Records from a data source
►

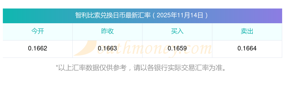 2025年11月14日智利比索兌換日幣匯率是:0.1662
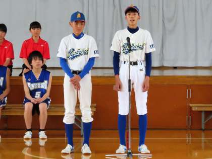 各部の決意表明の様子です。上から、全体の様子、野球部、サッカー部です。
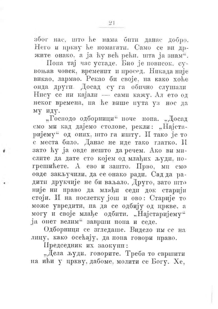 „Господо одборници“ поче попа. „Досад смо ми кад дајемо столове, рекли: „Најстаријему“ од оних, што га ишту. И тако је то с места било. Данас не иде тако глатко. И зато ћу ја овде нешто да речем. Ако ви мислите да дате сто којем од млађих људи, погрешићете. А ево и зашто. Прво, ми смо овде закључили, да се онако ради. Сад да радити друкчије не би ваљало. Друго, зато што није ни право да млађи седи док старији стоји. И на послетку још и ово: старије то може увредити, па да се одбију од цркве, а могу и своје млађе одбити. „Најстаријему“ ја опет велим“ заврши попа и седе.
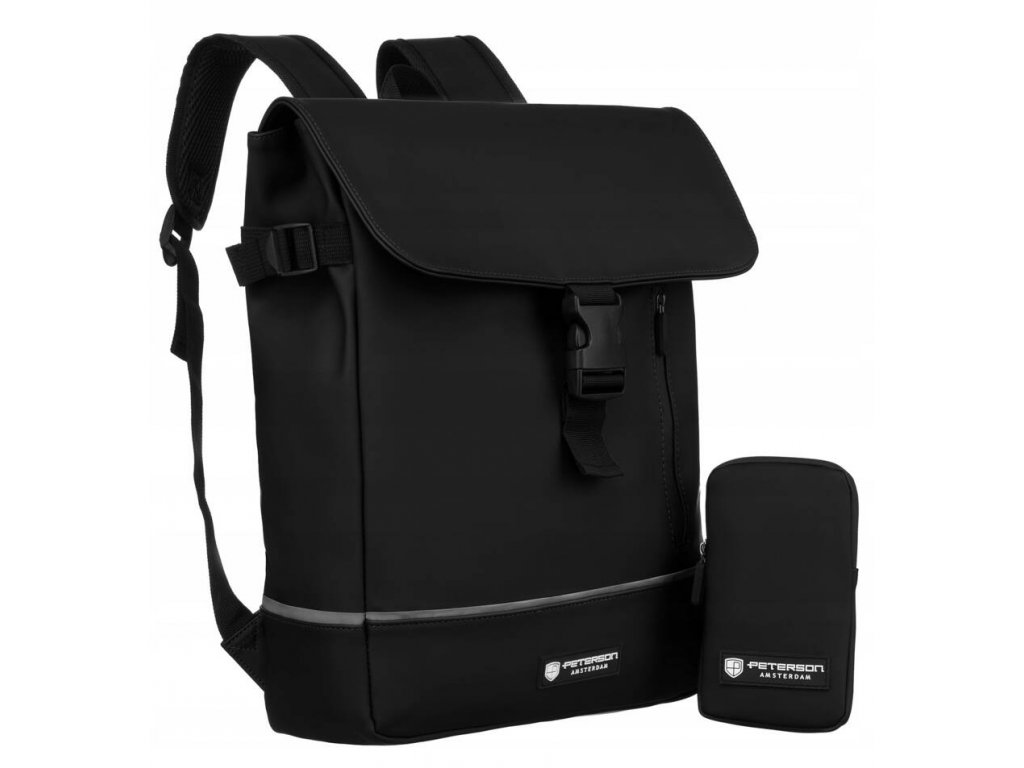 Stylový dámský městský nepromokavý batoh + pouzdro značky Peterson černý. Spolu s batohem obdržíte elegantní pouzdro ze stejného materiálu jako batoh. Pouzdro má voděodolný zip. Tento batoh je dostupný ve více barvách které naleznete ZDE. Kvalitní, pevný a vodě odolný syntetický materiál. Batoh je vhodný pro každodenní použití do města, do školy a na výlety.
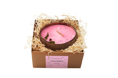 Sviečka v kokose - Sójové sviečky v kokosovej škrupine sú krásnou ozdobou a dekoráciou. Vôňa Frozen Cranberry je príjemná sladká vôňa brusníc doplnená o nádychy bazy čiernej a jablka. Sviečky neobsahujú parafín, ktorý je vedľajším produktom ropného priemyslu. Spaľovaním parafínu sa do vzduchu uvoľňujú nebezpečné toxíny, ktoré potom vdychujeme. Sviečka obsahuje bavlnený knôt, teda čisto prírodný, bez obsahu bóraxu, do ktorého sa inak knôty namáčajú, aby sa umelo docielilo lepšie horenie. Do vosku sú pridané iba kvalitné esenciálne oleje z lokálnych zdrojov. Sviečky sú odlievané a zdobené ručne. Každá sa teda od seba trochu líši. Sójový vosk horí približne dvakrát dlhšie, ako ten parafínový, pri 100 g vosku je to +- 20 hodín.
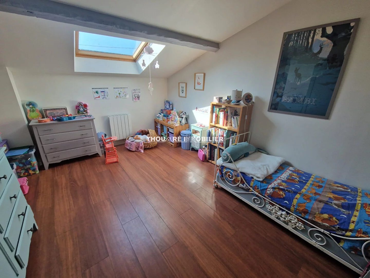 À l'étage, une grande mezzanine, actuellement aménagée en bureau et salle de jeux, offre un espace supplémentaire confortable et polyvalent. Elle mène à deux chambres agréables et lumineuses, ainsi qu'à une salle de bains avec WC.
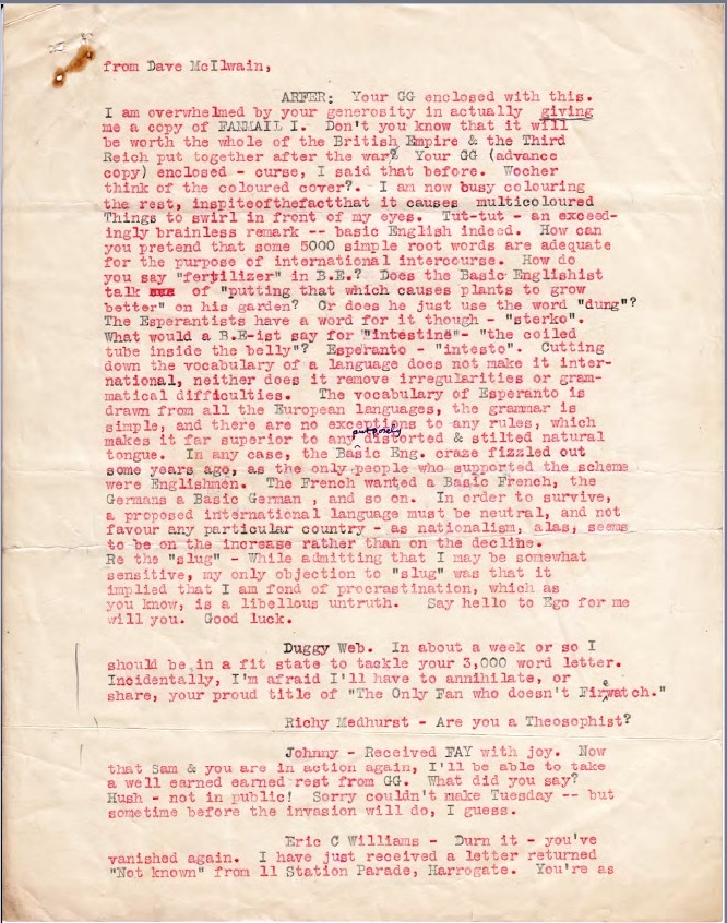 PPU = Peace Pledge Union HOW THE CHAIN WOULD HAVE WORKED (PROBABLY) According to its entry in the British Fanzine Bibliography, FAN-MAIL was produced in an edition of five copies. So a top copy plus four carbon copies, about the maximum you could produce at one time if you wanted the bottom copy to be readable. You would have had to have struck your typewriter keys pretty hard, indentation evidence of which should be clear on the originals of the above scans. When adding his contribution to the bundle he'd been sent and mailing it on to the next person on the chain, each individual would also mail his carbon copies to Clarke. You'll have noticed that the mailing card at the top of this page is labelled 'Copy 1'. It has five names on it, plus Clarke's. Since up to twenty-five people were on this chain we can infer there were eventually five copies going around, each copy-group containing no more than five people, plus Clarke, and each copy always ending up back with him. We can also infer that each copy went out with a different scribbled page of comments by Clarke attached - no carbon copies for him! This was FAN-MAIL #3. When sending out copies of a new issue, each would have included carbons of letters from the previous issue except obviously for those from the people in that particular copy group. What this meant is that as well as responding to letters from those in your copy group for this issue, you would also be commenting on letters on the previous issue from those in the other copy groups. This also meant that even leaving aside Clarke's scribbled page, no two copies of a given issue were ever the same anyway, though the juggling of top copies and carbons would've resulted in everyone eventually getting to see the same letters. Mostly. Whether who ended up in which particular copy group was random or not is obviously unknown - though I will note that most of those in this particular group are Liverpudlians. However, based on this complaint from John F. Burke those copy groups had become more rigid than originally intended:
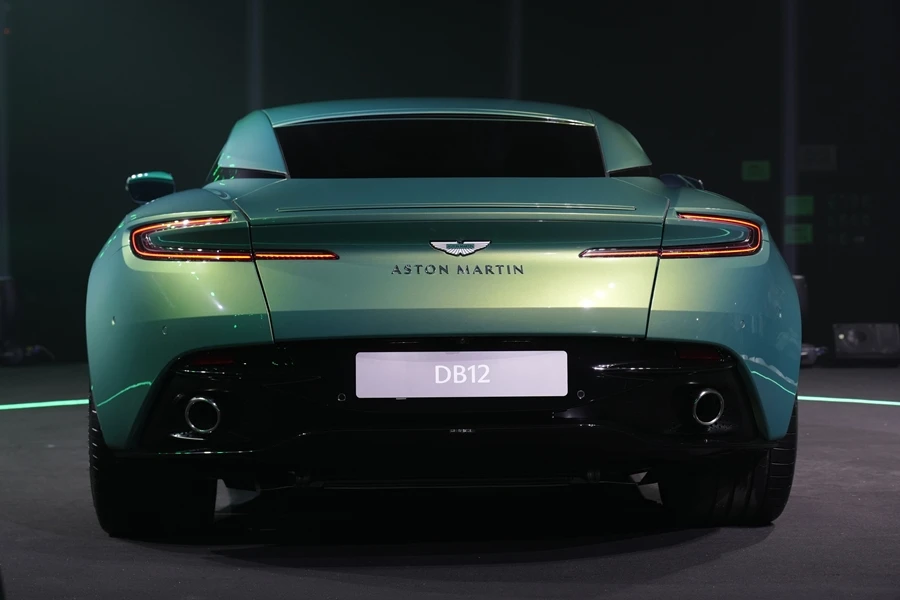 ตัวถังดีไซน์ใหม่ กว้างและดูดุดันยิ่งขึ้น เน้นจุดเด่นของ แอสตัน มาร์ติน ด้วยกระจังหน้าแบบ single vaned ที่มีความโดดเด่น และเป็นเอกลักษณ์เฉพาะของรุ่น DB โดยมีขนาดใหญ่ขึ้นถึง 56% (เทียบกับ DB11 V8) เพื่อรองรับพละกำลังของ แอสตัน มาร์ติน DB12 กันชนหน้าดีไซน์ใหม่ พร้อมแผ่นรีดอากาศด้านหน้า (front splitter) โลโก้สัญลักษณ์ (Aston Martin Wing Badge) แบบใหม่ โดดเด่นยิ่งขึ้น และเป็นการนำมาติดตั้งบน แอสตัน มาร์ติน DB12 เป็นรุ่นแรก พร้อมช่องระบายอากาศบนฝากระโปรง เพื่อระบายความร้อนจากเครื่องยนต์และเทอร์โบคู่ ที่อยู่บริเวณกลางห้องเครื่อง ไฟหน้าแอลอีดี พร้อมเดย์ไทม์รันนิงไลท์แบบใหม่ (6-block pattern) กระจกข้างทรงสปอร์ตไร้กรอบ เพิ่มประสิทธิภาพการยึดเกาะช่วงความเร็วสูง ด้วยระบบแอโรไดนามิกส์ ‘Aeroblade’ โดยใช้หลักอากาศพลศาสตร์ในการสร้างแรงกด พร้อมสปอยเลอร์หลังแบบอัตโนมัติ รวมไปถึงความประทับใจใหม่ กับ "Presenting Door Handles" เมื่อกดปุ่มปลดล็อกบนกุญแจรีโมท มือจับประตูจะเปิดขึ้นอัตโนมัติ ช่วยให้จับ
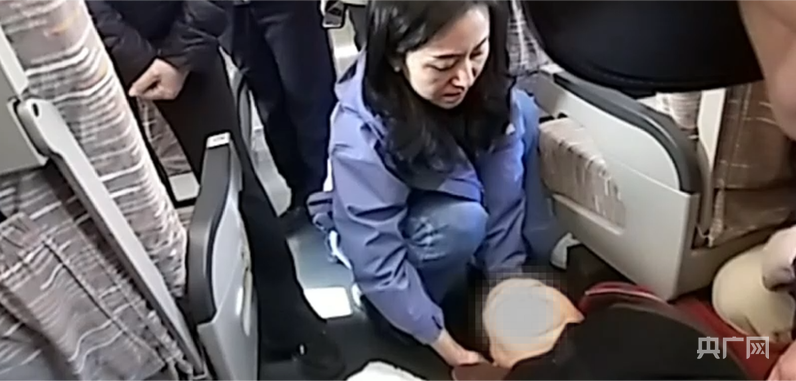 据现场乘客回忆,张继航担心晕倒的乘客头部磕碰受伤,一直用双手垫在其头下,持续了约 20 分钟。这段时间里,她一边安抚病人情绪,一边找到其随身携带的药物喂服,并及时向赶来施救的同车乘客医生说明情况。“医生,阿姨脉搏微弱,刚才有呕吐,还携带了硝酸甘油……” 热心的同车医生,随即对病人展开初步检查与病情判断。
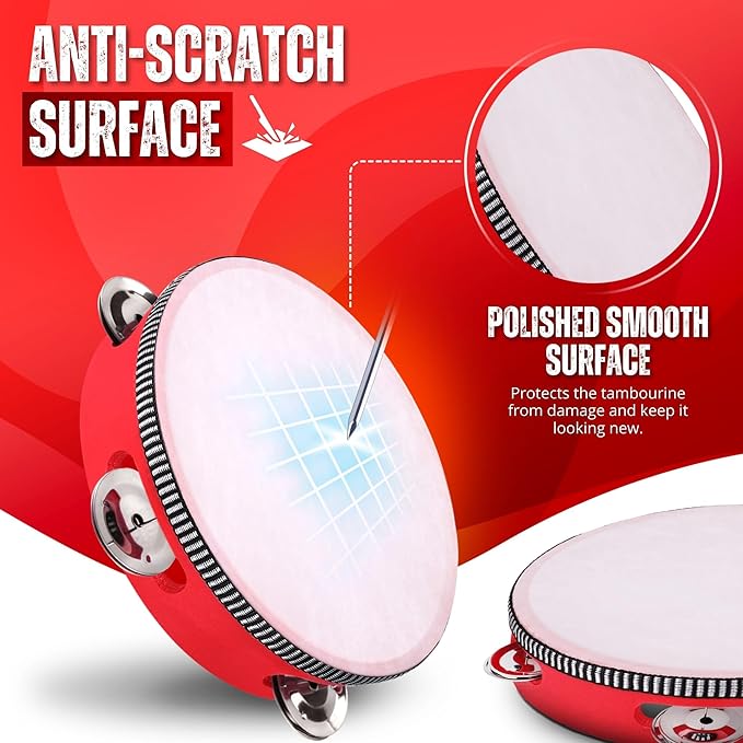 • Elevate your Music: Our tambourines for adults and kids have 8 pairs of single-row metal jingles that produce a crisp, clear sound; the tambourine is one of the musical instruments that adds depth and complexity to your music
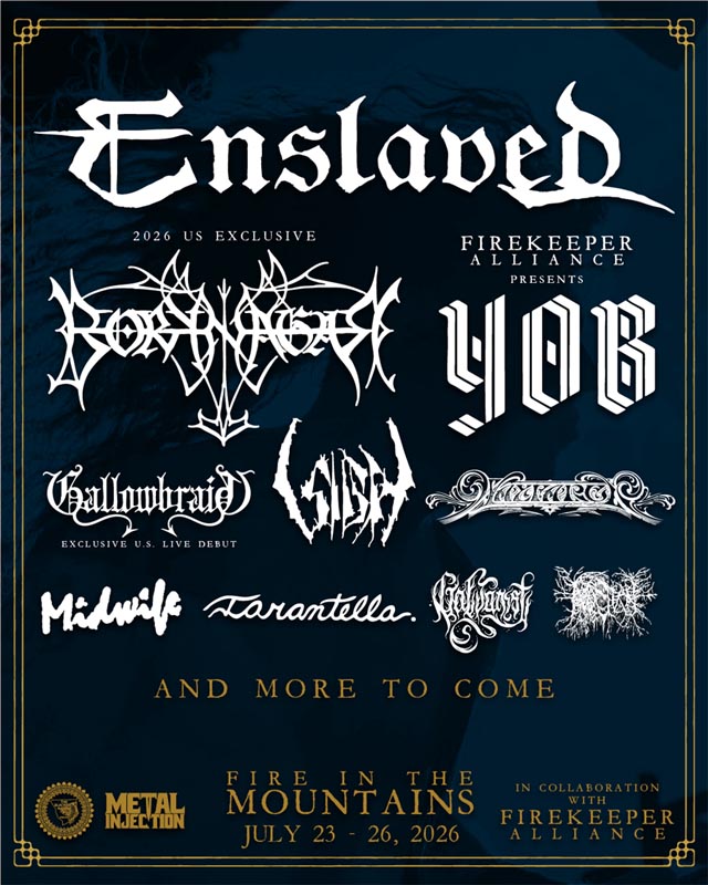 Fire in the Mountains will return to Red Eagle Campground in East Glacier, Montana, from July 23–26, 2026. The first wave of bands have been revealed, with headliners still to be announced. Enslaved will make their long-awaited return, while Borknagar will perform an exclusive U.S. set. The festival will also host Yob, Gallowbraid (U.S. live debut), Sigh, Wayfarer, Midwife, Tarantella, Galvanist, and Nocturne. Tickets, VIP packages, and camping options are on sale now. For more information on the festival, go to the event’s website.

◄

Instructions to follow: If a line comes after the line with "À l'étage, une", it stays out; print exactly every line from the start of the entries up to and including that line, but no pictures.

Result of the task:
 2025年11月14日智利比索兌換日幣匯率是:0.1662
 各部の決意表明の様子です。上から、全体の様子、野球部、サッカー部です。
 „Господо одборници“ поче попа. „Досад смо ми кад дајемо столове, рекли: „Најстаријему“ од оних, што га ишту. И тако је то с места било. Данас не иде тако глатко. И зато ћу ја овде нешто да речем. Ако ви мислите да дате сто којем од млађих људи, погрешићете. А ево и зашто. Прво, ми смо овде закључили, да се онако ради. Сад да радити друкчије не би ваљало. Друго, зато што није ни право да млађи седи док старији стоји. И на послетку још и ово: старије то може увредити, па да се одбију од цркве, а могу и своје млађе одбити. „Најстаријему“ ја опет велим“ заврши попа и седе.
 Stylový dámský městský nepromokavý batoh + pouzdro značky Peterson černý. Spolu s batohem obdržíte elegantní pouzdro ze stejného materiálu jako batoh. Pouzdro má voděodolný zip. Tento batoh je dostupný ve více barvách které naleznete ZDE. Kvalitní, pevný a vodě odolný syntetický materiál. Batoh je vhodný pro každodenní použití do města, do školy a na výlety.
 Sviečka v kokose - Sójové sviečky v kokosovej škrupine sú krásnou ozdobou a dekoráciou. Vôňa Frozen Cranberry je príjemná sladká vôňa brusníc doplnená o nádychy bazy čiernej a jablka. Sviečky neobsahujú parafín, ktorý je vedľajším produktom ropného priemyslu. Spaľovaním parafínu sa do vzduchu uvoľňujú nebezpečné toxíny, ktoré potom vdychujeme. Sviečka obsahuje bavlnený knôt, teda čisto prírodný, bez obsahu bóraxu, do ktorého sa inak knôty namáčajú, aby sa umelo docielilo lepšie horenie. Do vosku sú pridané iba kvalitné esenciálne oleje z lokálnych zdrojov. Sviečky sú odlievané a zdobené ručne. Každá sa teda od seba trochu líši. Sójový vosk horí približne dvakrát dlhšie, ako ten parafínový, pri 100 g vosku je to +- 20 hodín.
 À l'étage, une grande mezzanine, actuellement aménagée en bureau et salle de jeux, offre un espace supplémentaire confortable et polyvalent. Elle mène à deux chambres agréables et lumineuses, ainsi qu'à une salle de bains avec WC.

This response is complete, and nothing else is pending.